For my Universally Designed Lesson Planning Project #1, I choose to look at college students, as that is the population that I currently work with and am taking classes to work with. I am focusing on students with chronic illnesses as learners, but more specifically students with Postural Orthostatic Tachycardia Syndrome or POTS. This is my main disability, so I felt I would be able to relate my own experience of being a college student with POTS to this assignment.
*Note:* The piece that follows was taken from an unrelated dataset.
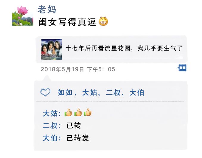 但是她会转发说:“女儿写得真逗。”也会装作无意地问我,上初中的时候总是不回家,是不是就是受了这部电视剧的教唆?但我其实蛮排斥跟她聊这些的,当着她的面去回忆青春,让我觉得尴尬。
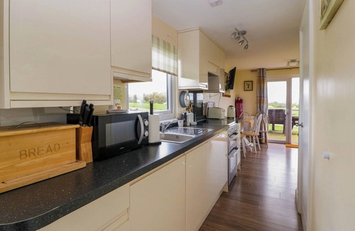 Poppy, a single-storey lodge, consists of an open-plan living space including a kitchen with an electric oven and hob, microwave, fridge with icebox, kettle, toaster, a dining seating for four people, and a sitting area with double sofa bed and TV. The bedrooms consist of a double with a TV and a single, serviced by a wet room. You'll find a shop in 2.2 miles and pub in 1.1 miles. Fuel, power, bed linen, and towels are included in the rent. Outside, there is a private garden with decking, furniture, and barbecue, and off-road parking for two cars. Sorry, no smoking. Escape to the tranquil countryside with a stay at Poppy. Note: No WiFi, but good 4G signal. Note: Logs and barbecue coals can be purchased on request. Note: Property beside a field of sheep. Note: Extra-wide doors and supportive handrail in wetroom for wheel-chair friendly access. Note: Wildlife pond onsite with no fencing, children must be supervised at all times.

POTS, also known as Orthostatic Intolerance, is a disorder of the autonomic nervous system or dysautonomia (Christensen, 2002). As described in the article, “Standing up to gravity,” the autonomic nervous system is responsible for increasing heart rate and constricting blood vessels when a person without Orthostatic Intolerance goes from sitting or lying to standing. In a person with POTS, rather than maintaining blood pressure, the blood pressure falls, causing symptoms in the individual. While these symptoms are exacerbated by standing, people with POTS are most frequently symptomatic after moving to an upright position, and symptoms may be mediated by lying down, and allowing the autonomic nervous system to not have to work so hard to regulate blood pressure. The most common symptoms are “orthostatic palpitations and tachycardia, lightheadedness, disabling fatigue, exercise intolerance… cognitive impairment” (Karas, Grubb, Boehm & Kip, 2006) as well as “nausea… headache [and] pallor” (Christensen, 2002).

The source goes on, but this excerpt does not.